Unfortunately, the prior approaches to controlling the introduction of combustion-produced airborne particulates have met with one or more serious problems. For example, they have not been able to reduce emissions to acceptable levels, they have been inordinately expensive to build or operate, and they have been energy inefficient.
The present invention provides apparatus and methods for treating an air flow containing particulate combustion products to reduce them to elemental material and water. The apparatus and methods of the invention also provide means for removing the elemental material, leaving a cleansed and greatly improved air flow and making it possible to recover valuable elemental materials where desired. Finally, the present invention achieves all of these objectives in a highly energy-efficient manner.
Fullerenes are one of the valuable elemental materials that can be recovered using the apparatus and method of the present invention. Fullerenes are a very dear and industrially important form of carbon comprising a large closed-cage molecule made up of 60 or more sp2-hybridized carbon atoms, arranged in hexagons and pentagons. Currently, fullerenes are known in the form of spheriods (“buckminsterfullerene”) and cylindrical or torroidal shapes (“nanotubes”). Various complex and expensive processes are known for producing fullerenes. Because the processes are so complex, and the yields so low, the resulting product is very, very expensive. The present invention provides a far more efficient and inexpensive method for producing these materials.
Since the apparatus of the present invention operates on only a small amount of energy, when the apparatus is used to treat the emissions of a coal-operated power plant, carbon may be recovered from the plant's smokestack and repeatedly re-used to fuel combustion, greatly enhancing the efficiency of the power plant.
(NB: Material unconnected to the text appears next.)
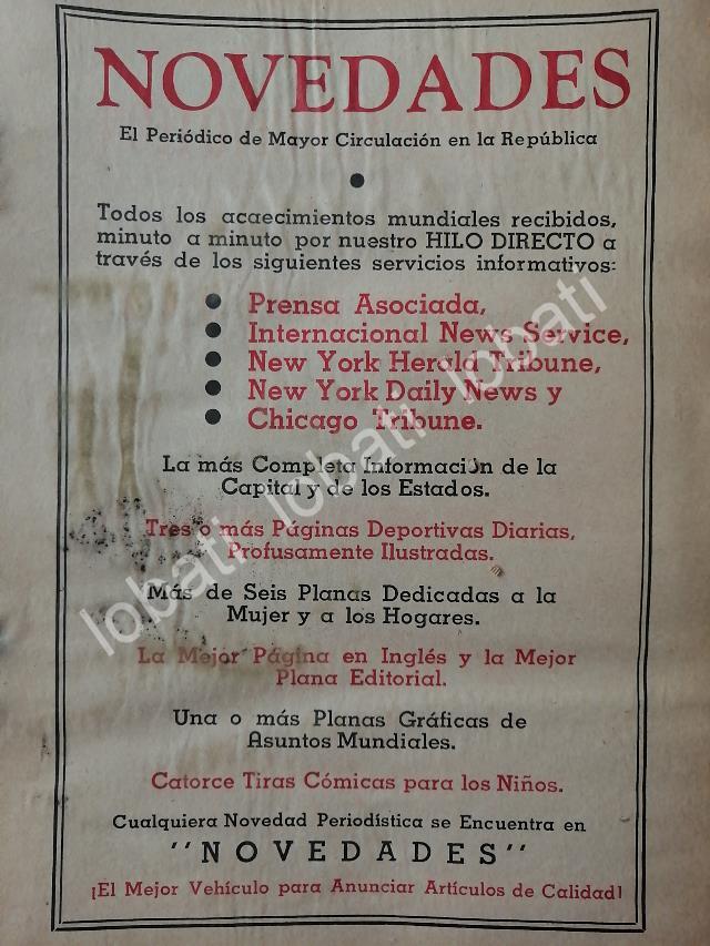 CARTEL ANTIGUO ORIGINAL DE AFICHE DE PERIODICOS NOVEDADES 1942. / N90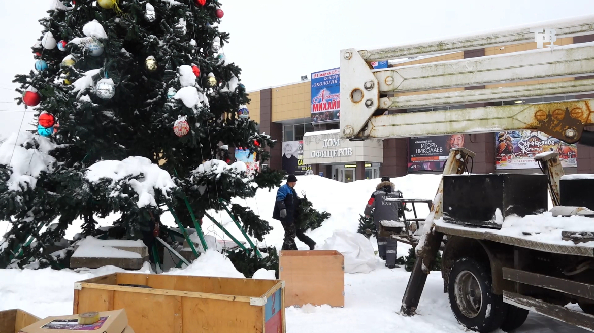 В Краснознаменске продолжаются работы по демонтажу новогоднего оформления

Finally, the present apparatus is also useful in reducing landfill requirements. For example, since the invention is so efficient in cleaning the air, it makes possible the use of incinerators which have been heretofore banned or discouraged because of the difficulty of effectively controlling the air pollution that they produce. Thus, many materials that otherwise would be incinerated have been land-filled, unnecessarily wasting substantial landfill area. If such materials could be burned in incinerators and treated in the present apparatus this would greatly reduce the volume of the remaining material (primarily the collected elemental material) which could then be land-filled, taking up substantially less landfill area. Furthermore, already buried landfill material may be mined, incinerated, treated in accordance with the present invention and returned to the landfill to greatly reduce the volume of the mined landfill, substantially extending the lifetime of the landfill.